AVAILABLE DATA -

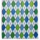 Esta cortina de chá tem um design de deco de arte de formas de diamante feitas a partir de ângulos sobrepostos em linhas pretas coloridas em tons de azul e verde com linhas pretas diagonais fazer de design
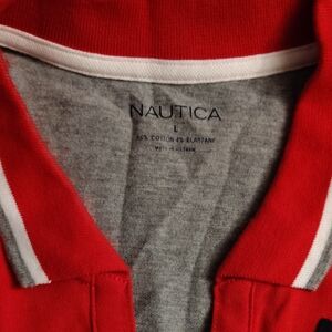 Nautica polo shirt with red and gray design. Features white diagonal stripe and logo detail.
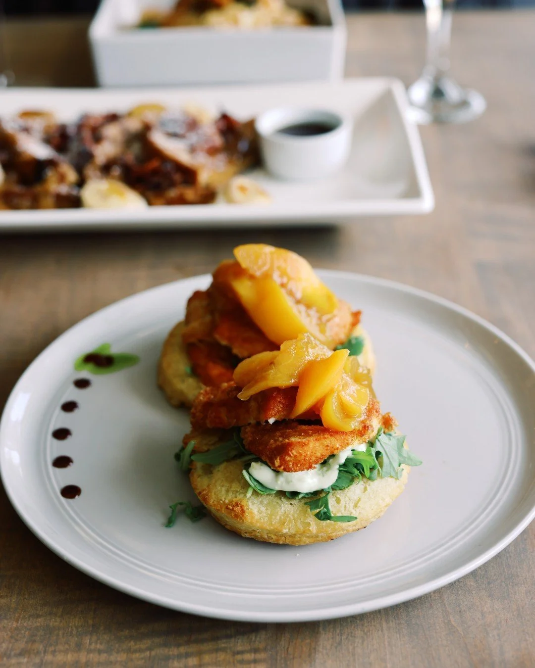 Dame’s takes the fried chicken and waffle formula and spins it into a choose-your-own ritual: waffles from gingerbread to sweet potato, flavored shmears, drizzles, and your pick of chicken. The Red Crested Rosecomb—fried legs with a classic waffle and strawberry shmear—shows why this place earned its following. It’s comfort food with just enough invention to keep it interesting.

---

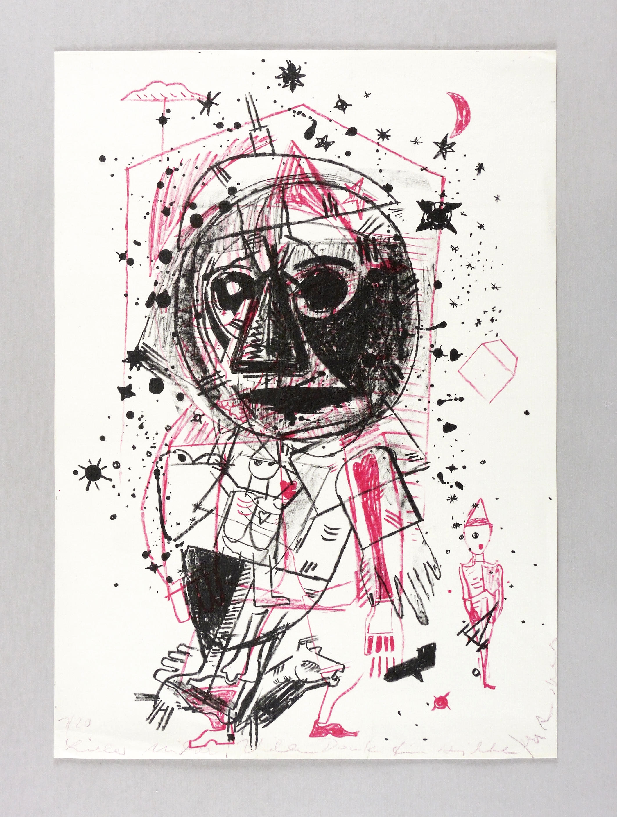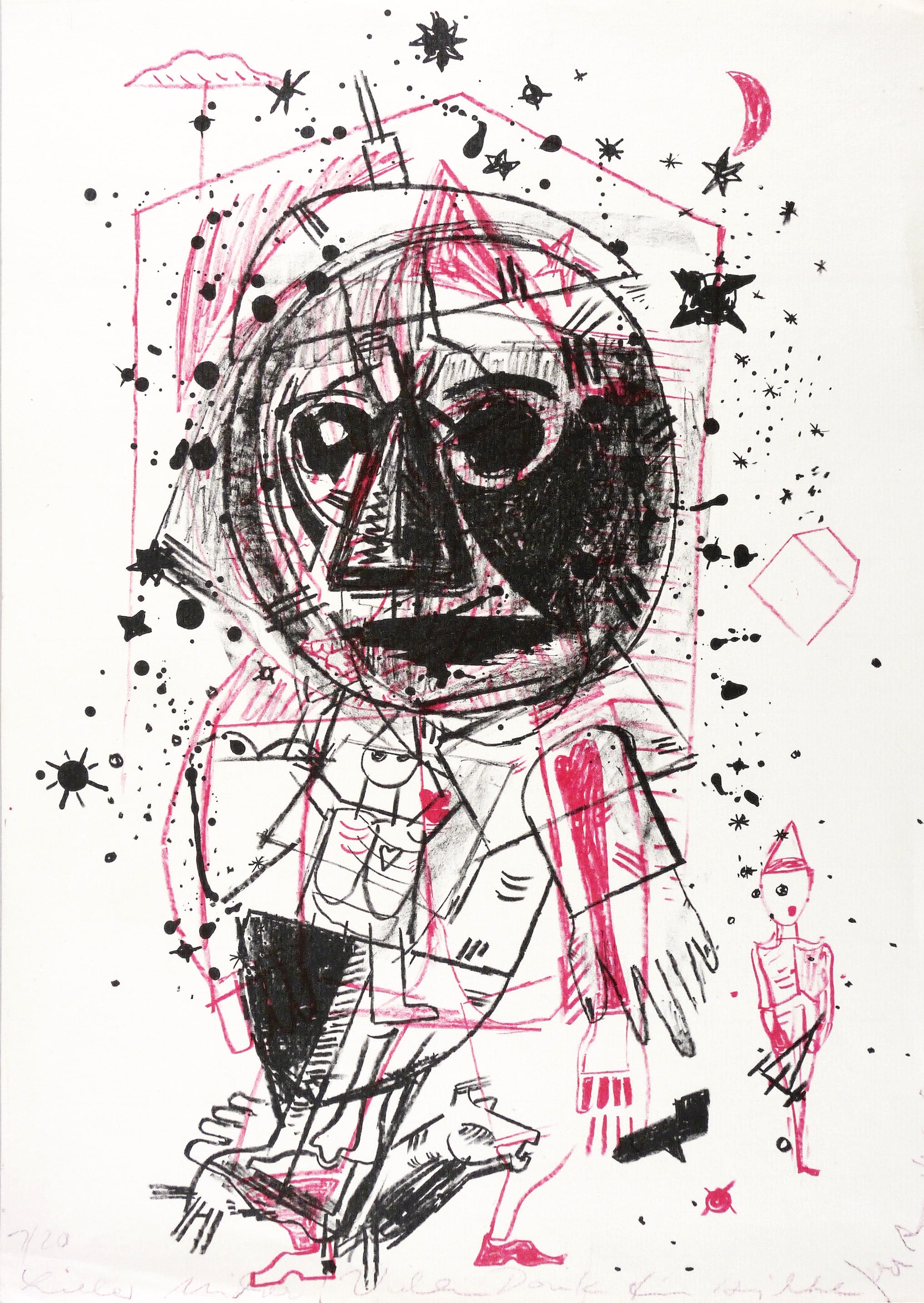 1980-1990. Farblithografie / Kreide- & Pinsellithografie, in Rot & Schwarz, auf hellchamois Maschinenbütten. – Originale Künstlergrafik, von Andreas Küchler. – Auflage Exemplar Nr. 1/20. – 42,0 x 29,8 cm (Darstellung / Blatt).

WORK REQUEST -
Print, exactly, each line above from the one with "Esta cortina de" to the one with "Nautica polo shirt", end lines included. Leave pictures out of it.

SOLUTION FOR THIS EXERCISE -
 Esta cortina de chá tem um design de deco de arte de formas de diamante feitas a partir de ângulos sobrepostos em linhas pretas coloridas em tons de azul e verde com linhas pretas diagonais fazer de design
 Nautica polo shirt with red and gray design. Features white diagonal stripe and logo detail.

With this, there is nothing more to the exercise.